Autumn is upon us, and with it come beautiful landscapes and bountiful produce. This I discovered at the launch of the Fal River Walking Festival. Despite gloomy skies laden with heavy, sodden clouds, we enjoyed a short circular walk from the Nare Hotel.
At three, my daughter is at that awkward age – too long and heavy to carry, legs too short to walk too far. But I was keen to get her started, as her dad and I are keen walkers and desperate to get back in the habit. She did her best in monster wellies; it was a tad slippery underfoot, and she was mighty glad of a piggyback at the end, courtesy of Fal River’s Tommy Tonkins.
Tommy is a gig rower, and he made lifting our growing girl look effortless. She “sang a rainbow” in his ear, and was a fully-fledged fan by the time we reached our destination (and a welcome afternoon tea). To this day she recalls that Tommy works for “the King Harry Fairy” and “has no hair” (sorry, Tommy). We had a quick paddle on Carne beach, just long enough for the sea to go well over the top of her monster wellies.
The festival continues until November 3, and features self-guided walks through some of the most stunning scenery Cornwall has to offer, taking in areas from Falmouth to Truro, the Roseland to the Helford Passage. Families and dog-walkers catered for – see the link below.
Earlier this year, we moved to a house with a lovely garden full of glorious edibles: cultivated blackberries, blackcurrants, abundant mint, and two apple trees. At the beginning of October, we took fruit to the annual Trelissick Apple Weekend to be identified. The expert dangled our slightly manky looking eater by its stalk, before pronouncing: “Cornish Longstem.” I can’t tell you how thrilled I was to learn that even our inherited apple trees are “on message”.
Chez Newton, we have been busy. Picture the scene on a Saturday morning: him – swearing over his tax return; me -huffing over a box of furry runner beans that really should have been eaten a long time ago and are beyond redemption. My, how we’ve grown up. It’s one of many signs of middle age and middle class. Look. I have a growing addiction to Grand Designs (did you know it’s on EVERY NIGHT on More4? Heaven). My favourite shops are now Mallets – good old-fashioned homewares in Truro – and its high street equivalent, Lakeland. I have even liked the Kilner Jars Facebook page.

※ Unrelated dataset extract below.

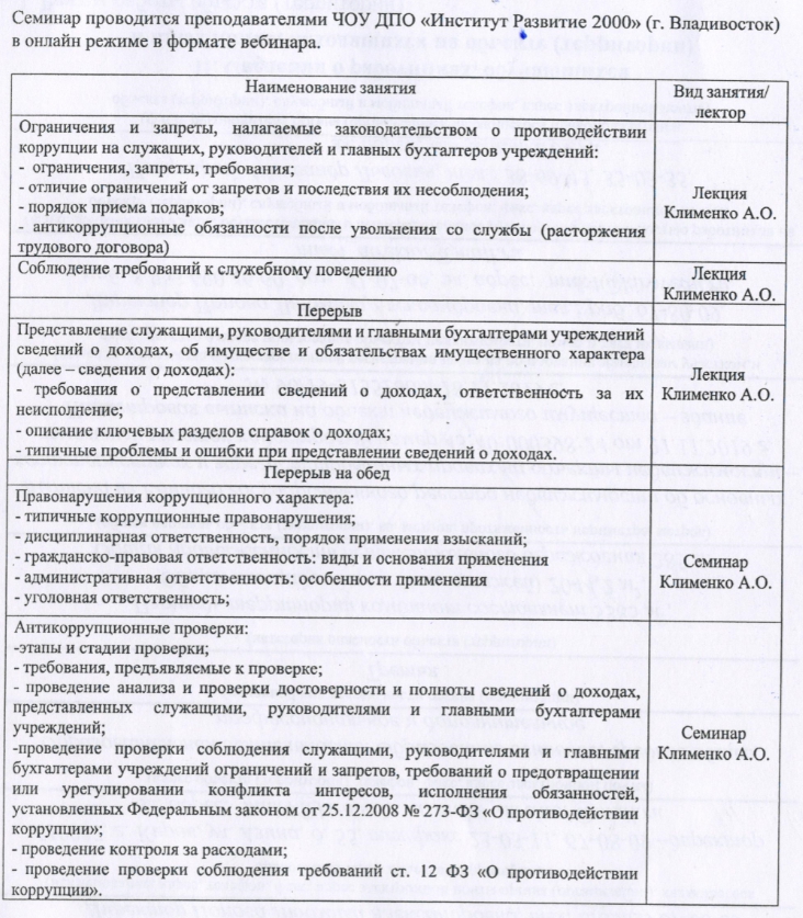 Наши сотрудники Власов Александр Иванович, Колобов Андрей Анатольевич — заместители директора по УВР, Порошина Екатерина Владимировна — инженер-программист, Шамова Лариса Николаевна — методист 10 февраля приняли участие в бесплатном обучающем мероприятии по противодействию коррупции, проведенном образовательным учреждением «Институт Развития 2000».

Having a kitchen larger than a postage stamp for the first time in my adult life is encouraging me to discover my inner Delia. I have jars of blackcurrant jam and runner bean chutney awaiting good homes (especially the chutney – I’ve never been fond of chutney, but needed to use up that glut of beans). I recently issued a spontaneous invitation to a work contact/friend – instead of meeting at a town restaurant, why not come to the house and try my carrot soup? I didn’t tell her I’d never made it before, and would be making it from scratch just for her. What if it all went horribly wrong? In the event, it was delicious, followed by stewed apple and blackberry (from the garden), mint tea (ditto) and homemade chocolate brownies. I can hear hordes stampeding to my front door now.
I’ve also started getting a veg box again. CT has featured two such schemes in recent months – Riverford, which focuses on organic produce, and the Cornish Food Box Company, which sources all its produce, organic or otherwise, from Bude to Helston via Bodmin Moor. To be honest, I’m rubbish at buying veg; I need it to be dumped on my doorstep with a recipe telling me what to do with it.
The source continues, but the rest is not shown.